MATERIAL PROVIDED section start

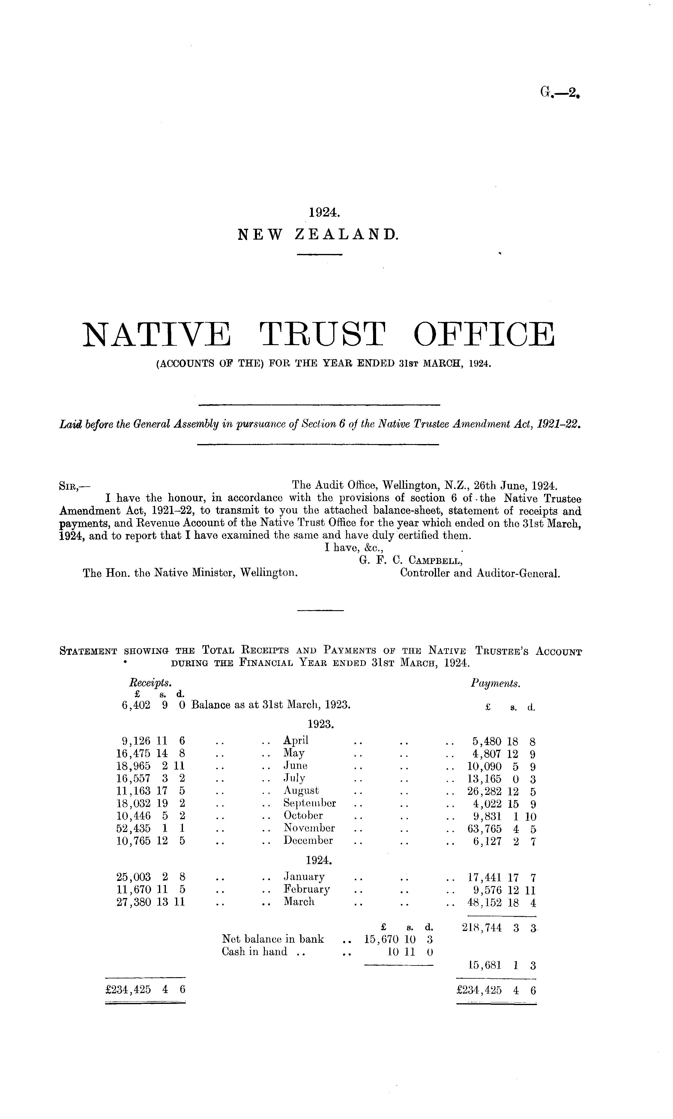 Sir,— The Audit Office, Wellington, N.Z., 26th June, 1924. I have the honour, in accordance with the provisions of section 6 of • the Native Trustee Amendment Act, 1921-22, to transmit to you the attached balance-sheet, statement of receipts and payments, and Revenue Account of the Native Trust Office for the year which ended on the 31st March, 1924, and to report that I have examined the same and have duly certified them. I have, &c, G. F. C. Campbell, The Hon. the Native Minister, Wellington. Controller and Auditor-General. Statement showing the Total Receipts and Payments op the Native Trustee's Account during the Financial Year ended 31st March, 1924. Receipts. Payments. £ s. d. 6,402 9 0 Balance as at 31st March, 1923. £ s . d. 1923. 9,126 11 6 .. .. April .. .. .. 5,480 18 8 16,475 14 8 .. .. May .. .. .. 4,807 12 9 18,965 2 11 .. .. June .. .. .. 10,090 5 9 16,557 3 2 .. .. July .. .. .. 13,165 0 3 11,163 17 5 .. .. August .. .. .. 26,282 12 5 18,032 19 2 .. .. September .. .. .. 4,022 15 9 10,446 5 2 .. .. October .. .. .. 9,831 110 52,435 11 .. .. November .. .. .. 63,765 4 5 10,765 12 5 .. .. December .. .. .. 6,127 2 7 1924. 25,003 2 8 .. .. January .. .. .. 17,441 17 7 11,670 11 5 .. .. February .. .. .. 9,576 12 11 27,380 13 11 .. .. March .. .. .. 48,152 18 4 £ s. d. 218,744 3 3 Net balance in bank .. 15,670 10 3 Cash in hand .. .. .1.0 11 0 15,681 1 3 £234,425 4 6 £234,425 4 6
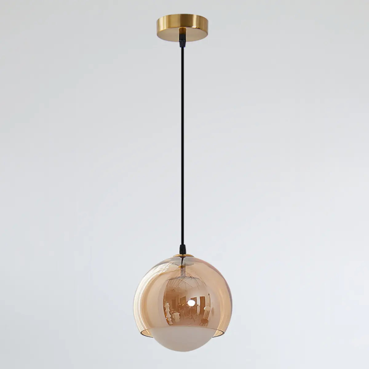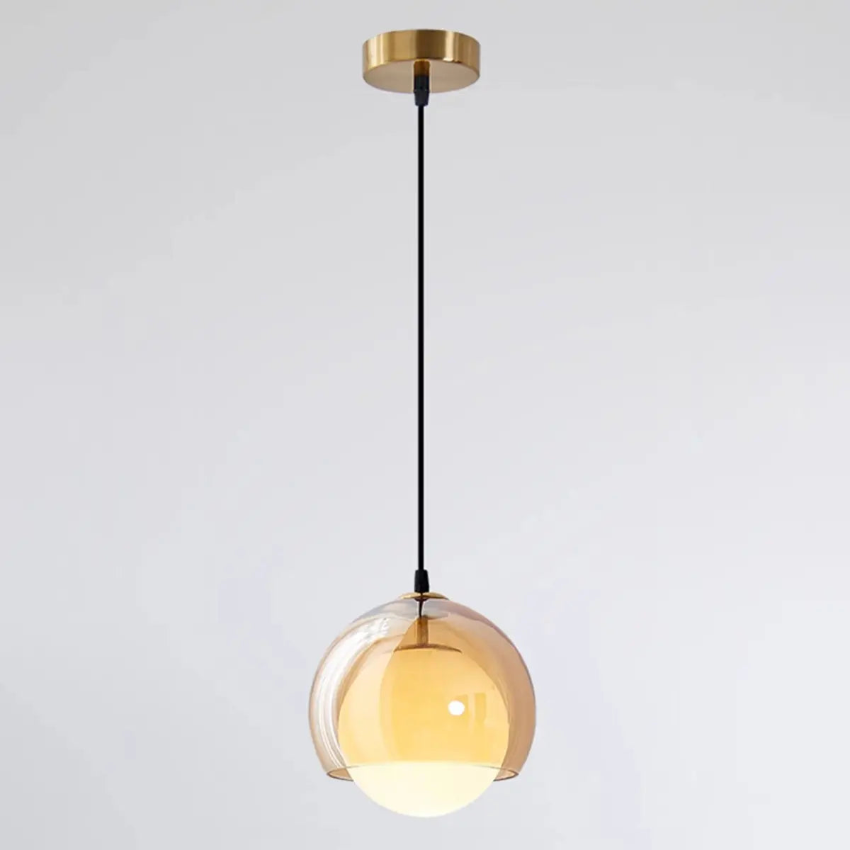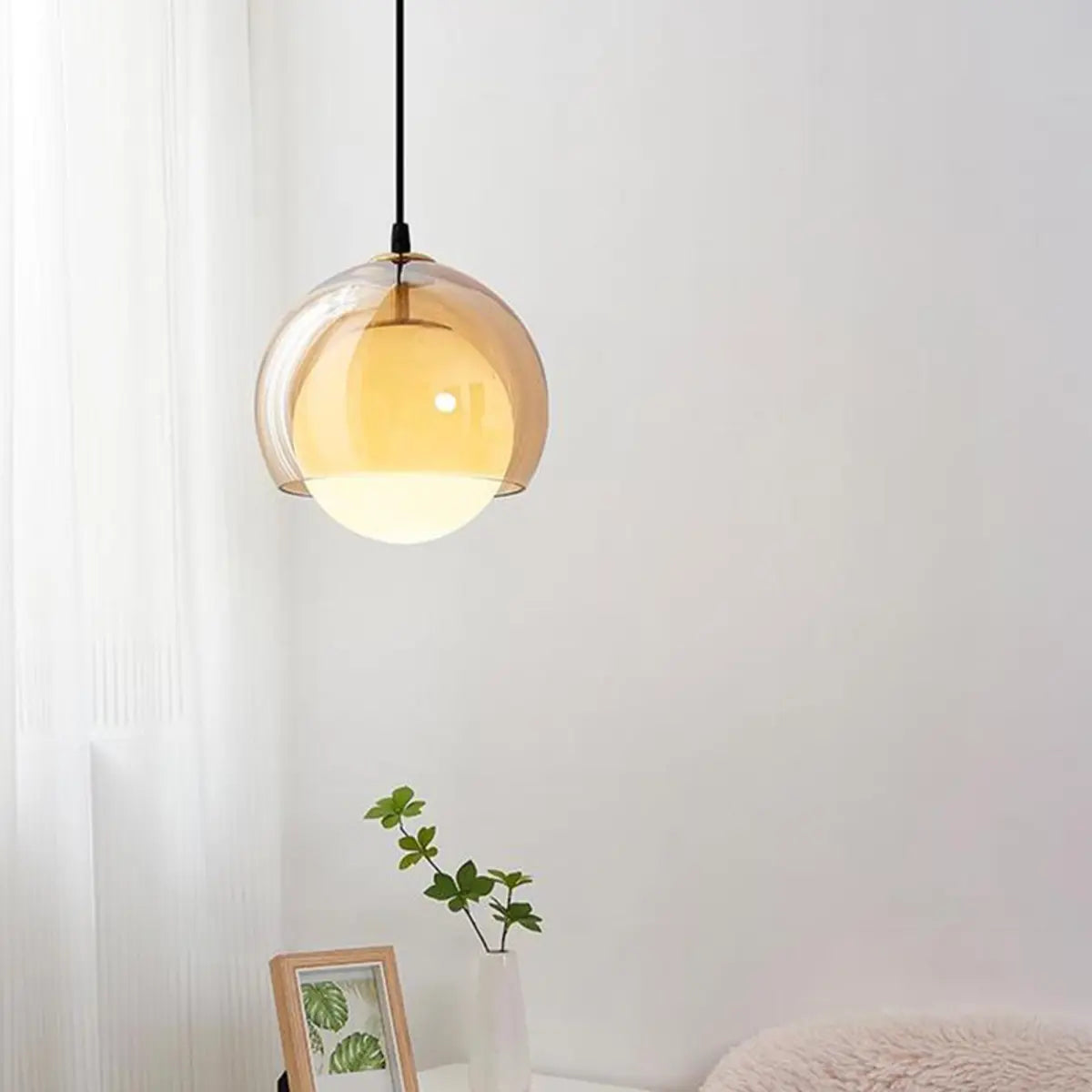 This pendant light adopts a modern design. The transparent amber glass lampshade is elegant and textured. It can add a touch of soft color to the simple home environment and become the visual focus of the space.
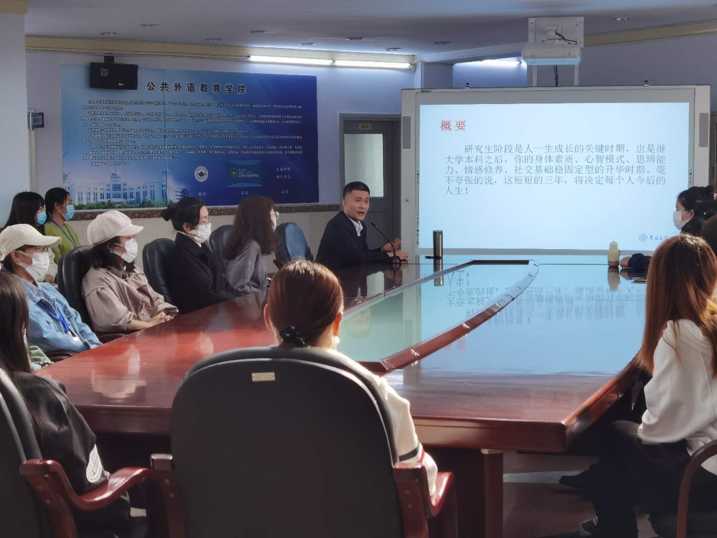 2020921日下午公共外语教育学院贺强书记为2020级全体硕士、博士研究生新生做“如何有意义的度过研究生生活”的思想政治教育及心理安全教育主题讲座。
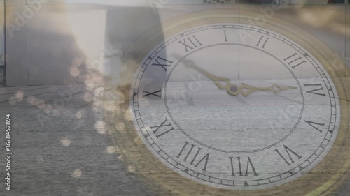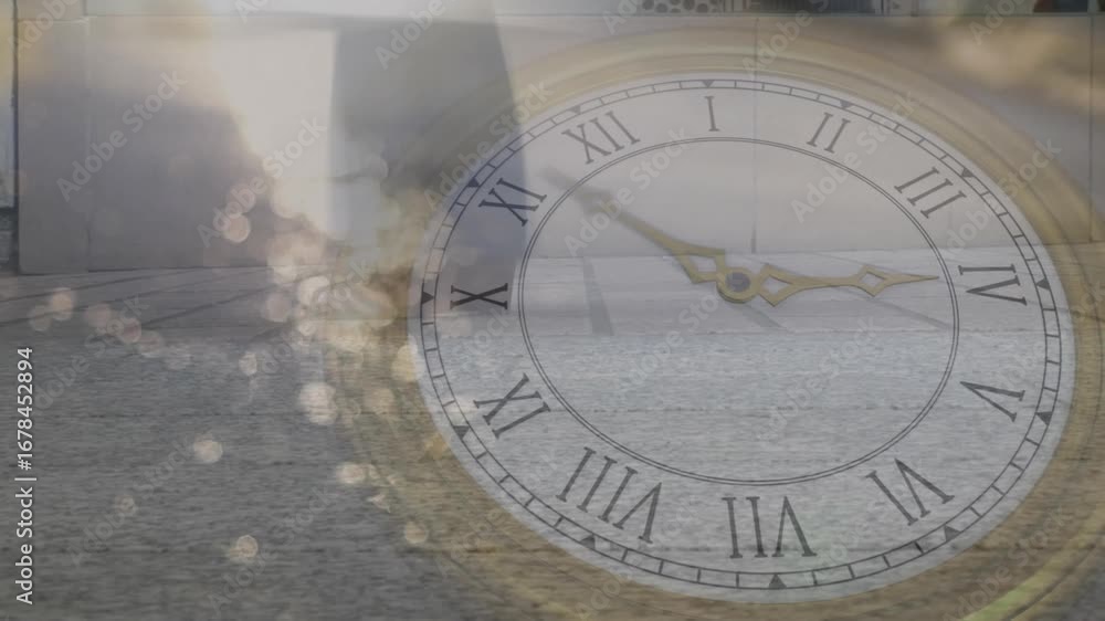 Wall mural : Animation of solar system planets and space over field and clock ticking
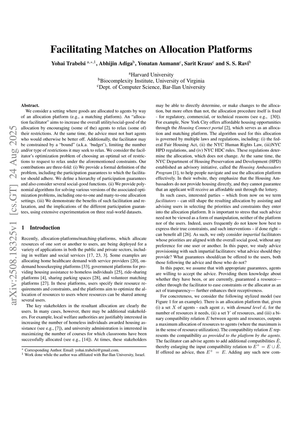 Facilitating Matches on Allocation Platforms
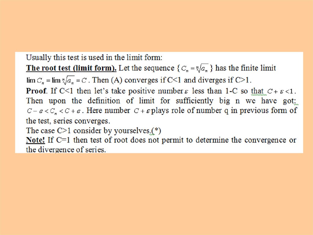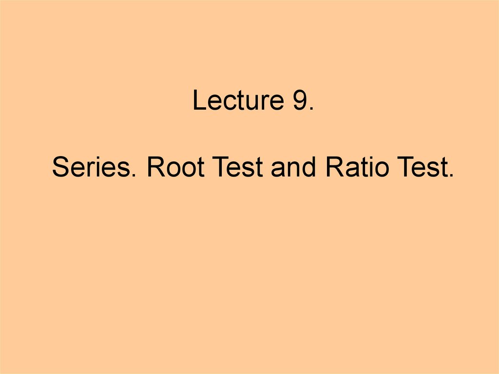 Lecture 9. Series. Root Test and Ratio Test
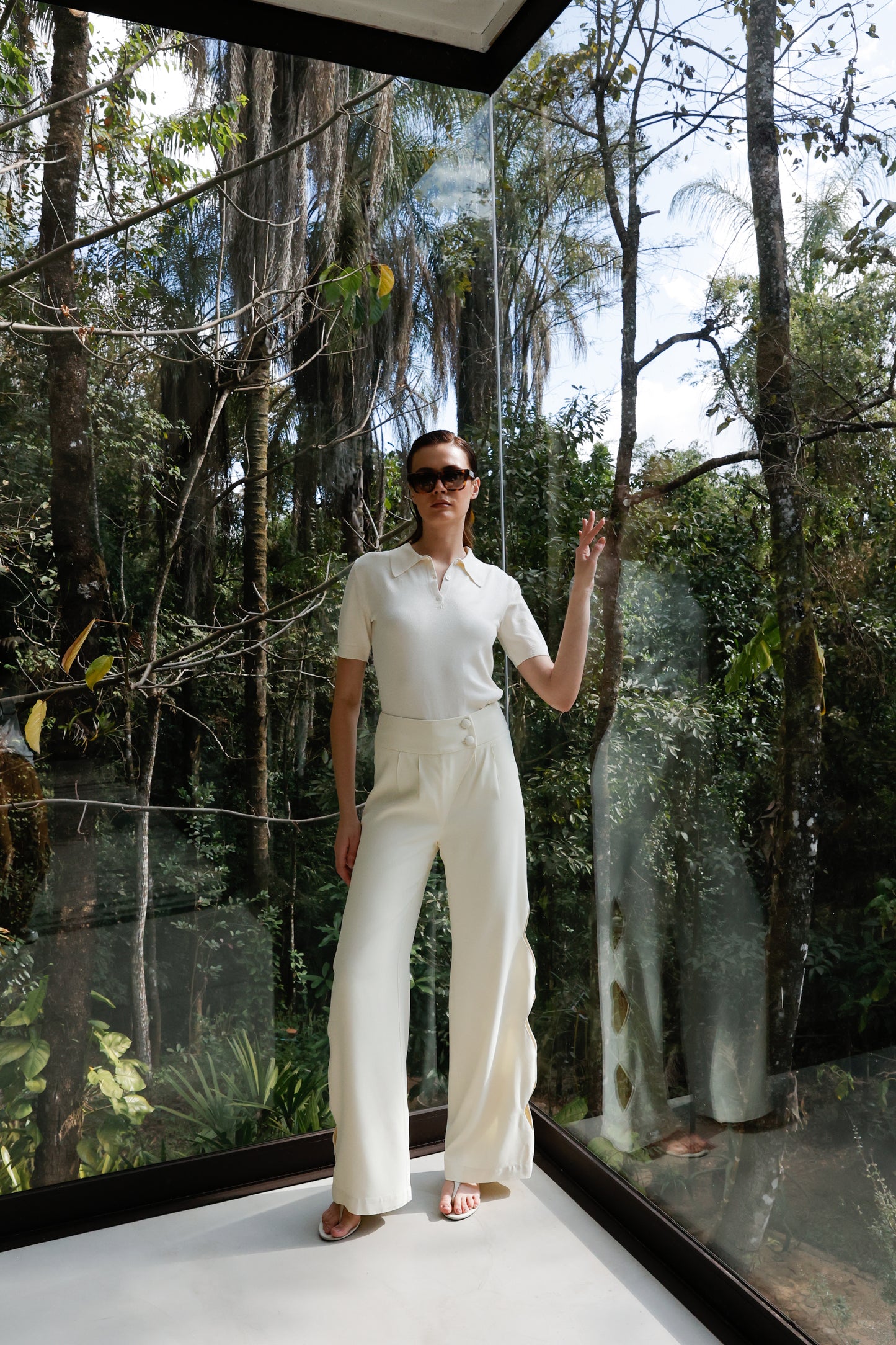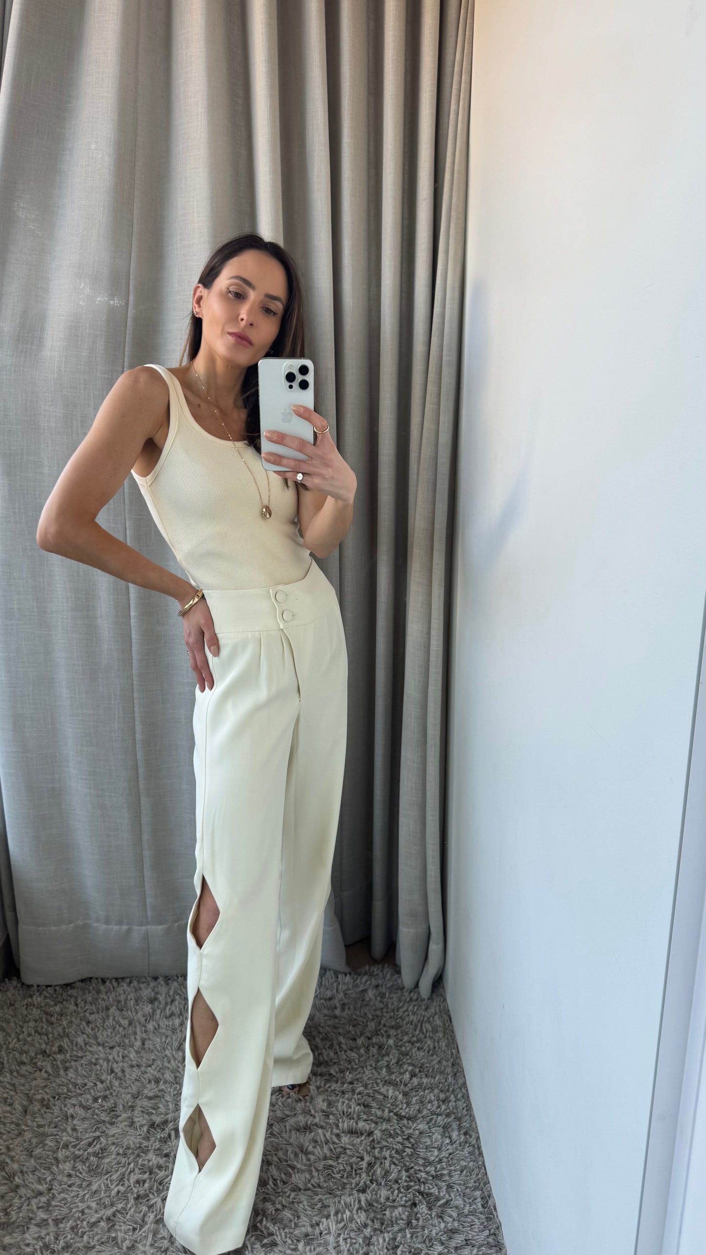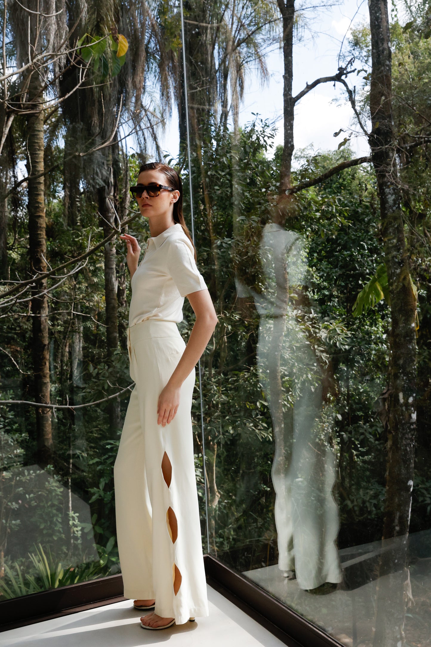 Com um shape reto impecável e cintura marcada, esta calça eleva o clássico da alfaiataria a um novo patamar. O grande diferencial fica por conta dos recortes geométricos laterais, que adicionam leveza visual e revelam a pele na medida certa, criando um contraste moderno e inusitado. Confeccionada em tecido encorpado com toque macio, a peça garante caimento perfeito e elegância sem esforço.

MATERIAL PROVIDED section end

■ **WHAT THE EXERCISE ASKS**:
Starting with the line that contains "Wall mural : Animation", reproduce every line down to the end of the listing above, both endpoints included. Pictures stay out.

■ **TASK SOLUTION**:
 Wall mural : Animation of solar system planets and space over field and clock ticking
 Facilitating Matches on Allocation Platforms
 Lecture 9. Series. Root Test and Ratio Test
 Com um shape reto impecável e cintura marcada, esta calça eleva o clássico da alfaiataria a um novo patamar. O grande diferencial fica por conta dos recortes geométricos laterais, que adicionam leveza visual e revelam a pele na medida certa, criando um contraste moderno e inusitado. Confeccionada em tecido encorpado com toque macio, a peça garante caimento perfeito e elegância sem esforço.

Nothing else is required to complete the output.